California farmers are expected to lose $1.84 billion this year and create 10,100 fewer seasonal jobs due to the drought, according to new study released Tuesday by the UC Davis Center for Watershed Science.
But the state’s agriculture industry isn’t exactly suffering. In fact, it's growing — even after four years of drought.
"We’re getting by remarkably well this year — much better than many had predicted,” lead author Richard Howitt, a UC Davis professor emeritus of agricultural and resource economics, said in a statement.
How is that possible?
Farmers have been drilling for more groundwater, which will offset about 70 percent of the surface water shortage this year, according to the study. There's also been a shift towards higher-value crops like nuts and fruits, which are commanding high prices because of increasing global demand.
So the industry is growing, though it would be growing faster without the drought.
"[Farms] made a lot less money than they would have without the drought," said Jay Lund, Director of the Center for Watershed Sciences
If models showing a wet winter because of El Niño turn out to be correct, it could be a boon for California farmers, but could also cause massive crop losses, says Howitt. Looking at past El Niños, the effects on California agriculture have been decidedly mixed.
“It may solve the problem, or it may not,” said Howitt.
The UC Davis study says some areas of the state will be hard hit because of the drought, like the parched southern San Joaquin Valley, but overall, the state’s farm employment is going up; the number of workers in the state's agriculture industry has risen to its highest level in nearly a quarter-century, according to a Sacramento Bee analysis of state and federal labor numbers in May.
Here are some other key findings from the UC Davis study:
- The direct costs of drought to agriculture will be $1.84 billion for 2015. The total impact to all economic sectors is an estimated $2.74 billion, compared with $2.2 billion in 2014. The state’s farmers and ranchers currently receive more than $46 billion annually in gross revenues, a small fraction of California’s $1.9 trillion-a-year economy.
- The loss of about 10,100 seasonal jobs directly related to farm production, compared with the researchers’ 2014 drought estimate of 7,500 jobs. When considering the spillover effects of the farm losses on all other economic sectors, the employment impact of the 2015 drought more than doubles to 21,000 lost jobs.
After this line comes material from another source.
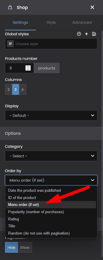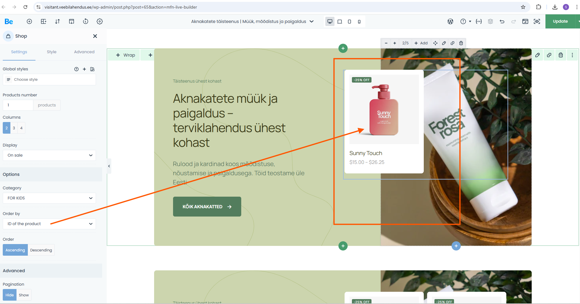 Under Order by, I selected ID of the product, but I cannot see where I am supposed to enter the product ID.
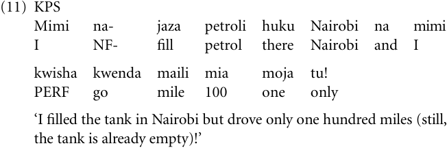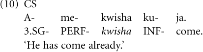 Another tense–aspect use pattern characterizing KPS concerns the grammaticalization of the verb kwisha ‘be finished’ to a perfect auxiliary. This process occurred in CS, where it has given rise to an already-perfect (denoting an event that occurred earlier than expected) in combination with the perfect prefix-me-, for example:

- Surface water shortages will reach nearly 8.7 million acre-feet, which will be offset mostly by increased groundwater pumping of 6 million acre-feet.
- Net water shortages of 2.7 million acre-feet will cause roughly 542,000 acres to be idled — 114,000 more acres than the researchers’ 2014 drought estimate. Most idled land is in the Tulare Basin.
- The effects of continued drought through 2017 (assuming continued 2014 water supplies) will likely be 6 percent worse than in 2015, with the net water shortage increasing to 2.9 million acre-feet a year. Gradual decline in groundwater pumping capacity and water elevations will add to the incremental costs of a prolonged drought.